*INFORMATION PROVIDED*:
---

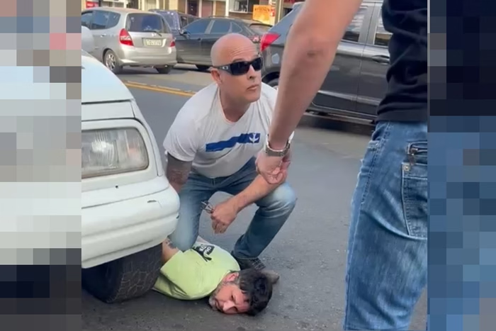 Em um trecho das imagens aparece um policial de camiseta branca e óculos escuros apoiando o joelho direito sobre as costas do motorista, que está no chão. Em seguida, os agentes levam o condutor a uma viatura da Polícia Civil do DF (PCDF).
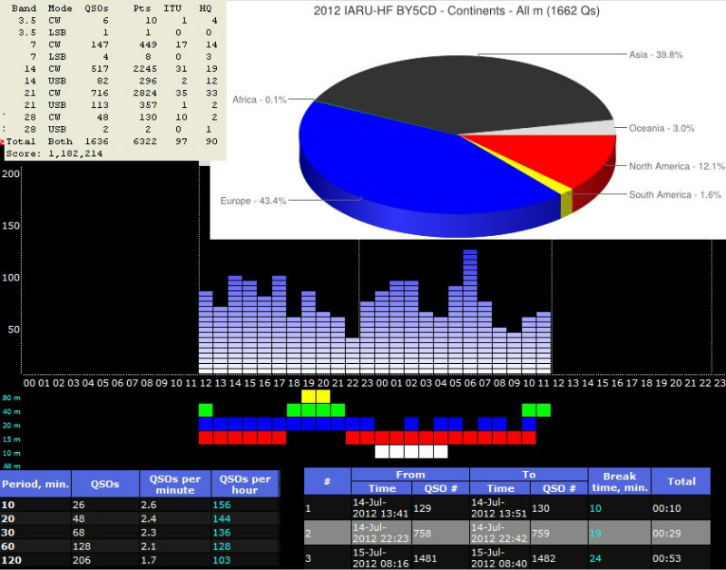 今年回归参加个人比赛后,感觉像个新手,对这种24小时的全波段混合模式的比赛很不适应,主要是波段分配和传播计划上比较失败。说实话我比赛前也没有好好准备,也就做了个N1MM用的HQ历史查询表,另外用去年BXHQ的log做了一个波段分布对比,借此找出每个时段最佳的工作波段,另外用HAMCAP看了一遍预测,感觉主力波段应该是晚上20米和白天15米,这个跟去年的log统计也是吻合的,于是就用这个指导思想参加比赛了,因为是做SO2R,所以当时就没有考虑系数问题,我觉得这些系数可以用第二个电台去一个个找过来。
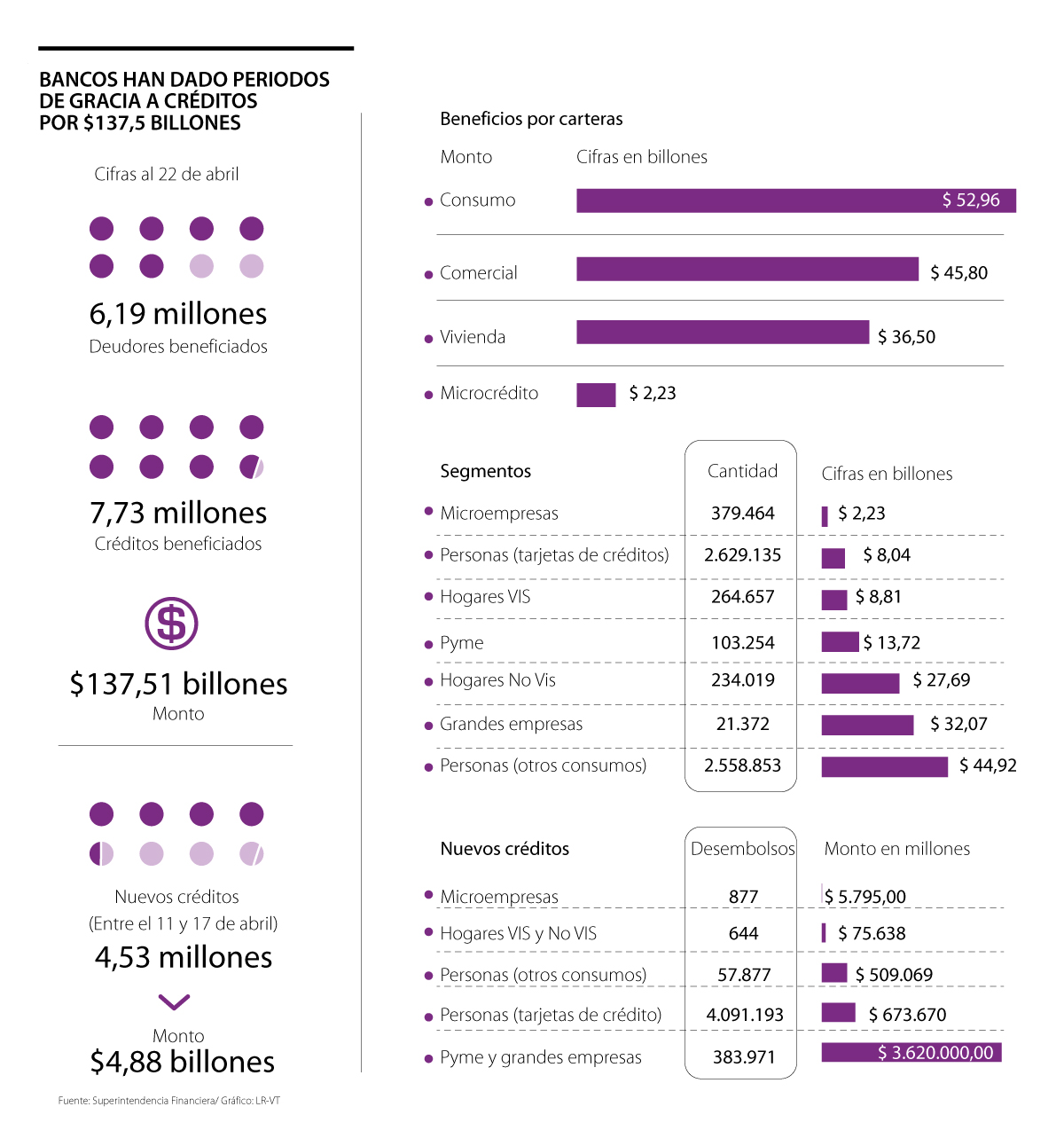Simultáneamente, la Superintendencia Financiera reveló que, al 22 de abril, 6,19 millones de deudores del sistema financiero recibieron periodos de gracia por un saldo de cartera de $137,51 billones.

---

*WORK INSTRUCTION*: Everything from the line with "今年回归参加个人比赛后,感觉" through the last line above should be reproduced exactly, both ends included; pictures must be omitted.

*EXERCISE RESULT*:
 今年回归参加个人比赛后,感觉像个新手,对这种24小时的全波段混合模式的比赛很不适应,主要是波段分配和传播计划上比较失败。说实话我比赛前也没有好好准备,也就做了个N1MM用的HQ历史查询表,另外用去年BXHQ的log做了一个波段分布对比,借此找出每个时段最佳的工作波段,另外用HAMCAP看了一遍预测,感觉主力波段应该是晚上20米和白天15米,这个跟去年的log统计也是吻合的,于是就用这个指导思想参加比赛了,因为是做SO2R,所以当时就没有考虑系数问题,我觉得这些系数可以用第二个电台去一个个找过来。
Simultáneamente, la Superintendencia Financiera reveló que, al 22 de abril, 6,19 millones de deudores del sistema financiero recibieron periodos de gracia por un saldo de cartera de $137,51 billones.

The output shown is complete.